The poorer the woman the more likely it is that more than one of these deprivations affect her. The same study shows that in Niger, one of the poorest countries in the world, almost half of all women experience all three of these deprivations while virtually all women in Niger felt that they suffered from at least one of domestic violence, lack of control over household resources or child marriage. The numbers speak for themselves: women in poor countries, especially uneducated women, have little say over their lives.

We invite you to watch the full video of the panel discussion with Hillary Clinton, former US Secretary of State, Dr. Jim Yong Kim, President of the World Bank Group, Phumzile Miambo-Ngcuka, Executive Director of UN Women, and Jeni Klugman, Director of Gender & Development at the World Bank Group. They reflect on the main issues relating to empowerment, cultural norms and what we can do to break the cycle of excluding women from full participation in their household and in their communities. You can also watch a shorter version here:

In discussing the report, the high level panelists focus on the importance of legislating changes to social norms to de-legitimizing negative behaviours. A new legal framework can also bring old practices into modern public consciousness. Just because something “has always been done” does not mean that it is right.
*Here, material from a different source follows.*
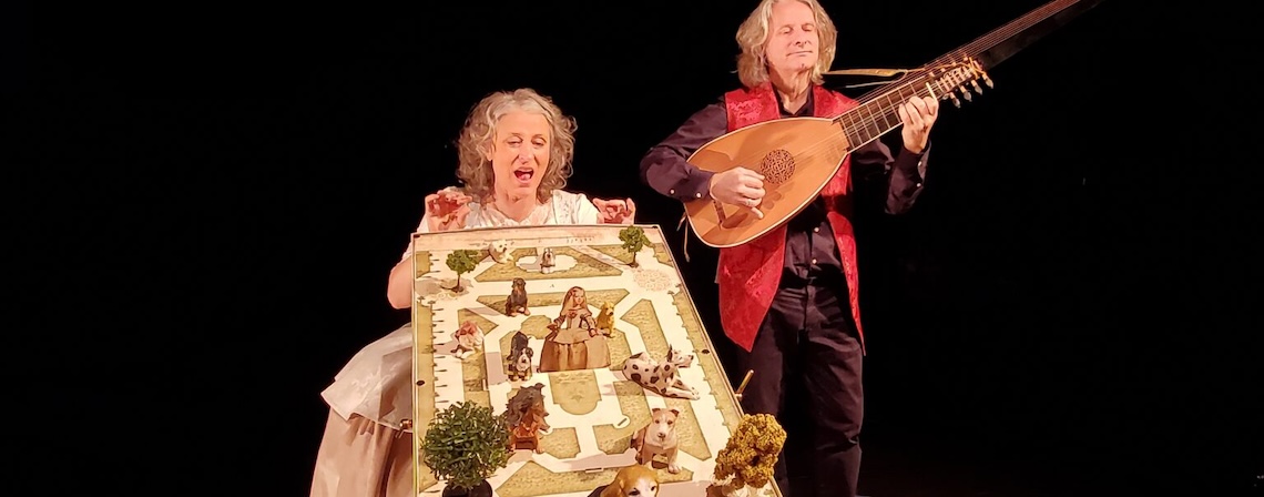 « Les Ménines « de Vélasquez est un tableau universel et une source d’inspiration pour de si nombreux artistes depuis plus de trois siècles. On y voit l’infante d’Espagne, âgée de 6 ans, entourée de ses suivantes, les Ménines, ainsi que de quelques autres personnages. Sur la partie gauche se trouve le peintre Velasquez lui-même en train de travailler à une grande toile. Mais que regardent tous ces personnages qui font face aux spectateurs ? Ceux qu’on devine dans le miroir ? Sur ces reflets et jeux d’illusions se construit le spectacle où images, musique et objets tricotent un détournement fantaisiste du tableau. L’infante Marguerite, petite fille de 6 ans vouée à un destin hors du commun, prend vie et raconte ce qui se trame autour d’elle… Et tout le monde en prend pour son grade ! La scène devient le terrain de jeu où l’on passe de la peinture mythique à la représentation théâtrale en trois dimensions. Saynètes en miniature ou taille réelle s’enchaînent et se répondent aux sons de la guitare baroque et de l’archiluth.

Secretary Clinton notes that regressive norms often “cannot bear the light of day” and are carried on behind closed doors.

Engaging men and boys in the process of changing social norms is a key step to de-legitimizing the practices. To this end, UN Women has created the “He for She” campaign, to involve men to generate discussion on what can be done.

Reaching out to government leaders will be an important part of tackling inequalities. As Secretary Clinton points out, many leaders of poor nations have broken social norms within their own families and are proud of their daughters’ accomplishments and University studies abroad. The trick will be to get them to translate that feeling to all the daughters in their country.

In each section of the report, the overriding consensus is that education is the most critical aspect to reducing domestic violence, child marriage and women’s lack of economic independence. Data show that 90% women with just a primary education or less suffer from at least one of these three. That sinks to 18% of women who have completed high school.

It’s also important to remember that, as Phumizile Miambo-Ngcuka states, the quality of education is just as important as access. To this end, teacher training, curriculum and the minister of education are all crucial aspects of providing quality education. Education should help to make a girl feel that she has the ability to go out there and compete with the boys for the jobs; it is the teachers role to help instill that ethos into the students.

There is a lot of work to be done to improve the conditions for women and girls around the world. All the panelists, however, see the glass as half full, and while we have made progress already, they have the confidence that future will be brighter and that women will be given a stronger voice.